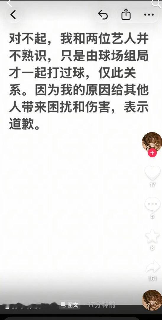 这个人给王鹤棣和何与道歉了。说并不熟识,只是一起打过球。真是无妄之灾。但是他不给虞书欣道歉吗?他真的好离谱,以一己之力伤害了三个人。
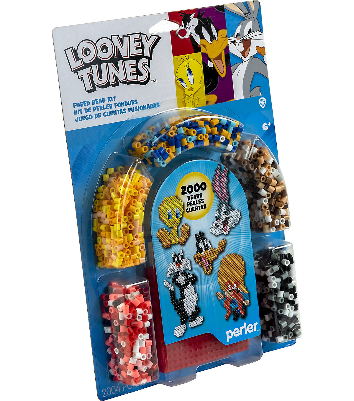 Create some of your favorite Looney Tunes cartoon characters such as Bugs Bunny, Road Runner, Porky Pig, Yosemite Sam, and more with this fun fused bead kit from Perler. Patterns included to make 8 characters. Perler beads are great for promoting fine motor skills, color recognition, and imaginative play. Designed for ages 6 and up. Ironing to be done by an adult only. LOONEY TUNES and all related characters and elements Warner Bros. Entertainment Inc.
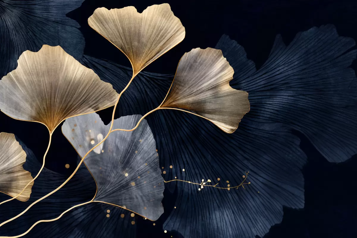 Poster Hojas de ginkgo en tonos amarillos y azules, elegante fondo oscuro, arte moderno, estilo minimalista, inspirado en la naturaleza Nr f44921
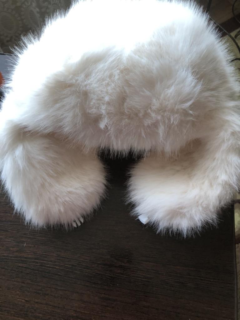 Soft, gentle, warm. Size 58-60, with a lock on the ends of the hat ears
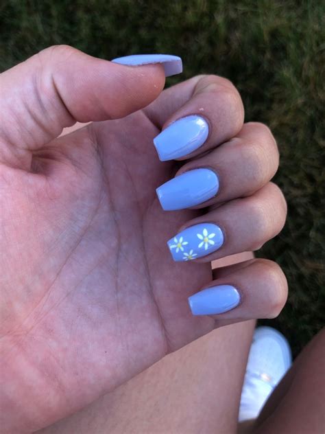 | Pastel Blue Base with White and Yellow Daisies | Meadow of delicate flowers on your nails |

■ Work required ■
Your answer should consist solely of the lines from the one with "Create some of" through the last line of the entries, restated word for word, with the pictures omitted.

■ Response for this exercise ■
 Create some of your favorite Looney Tunes cartoon characters such as Bugs Bunny, Road Runner, Porky Pig, Yosemite Sam, and more with this fun fused bead kit from Perler. Patterns included to make 8 characters. Perler beads are great for promoting fine motor skills, color recognition, and imaginative play. Designed for ages 6 and up. Ironing to be done by an adult only. LOONEY TUNES and all related characters and elements Warner Bros. Entertainment Inc.
 Poster Hojas de ginkgo en tonos amarillos y azules, elegante fondo oscuro, arte moderno, estilo minimalista, inspirado en la naturaleza Nr f44921
 Soft, gentle, warm. Size 58-60, with a lock on the ends of the hat ears
 | Pastel Blue Base with White and Yellow Daisies | Meadow of delicate flowers on your nails |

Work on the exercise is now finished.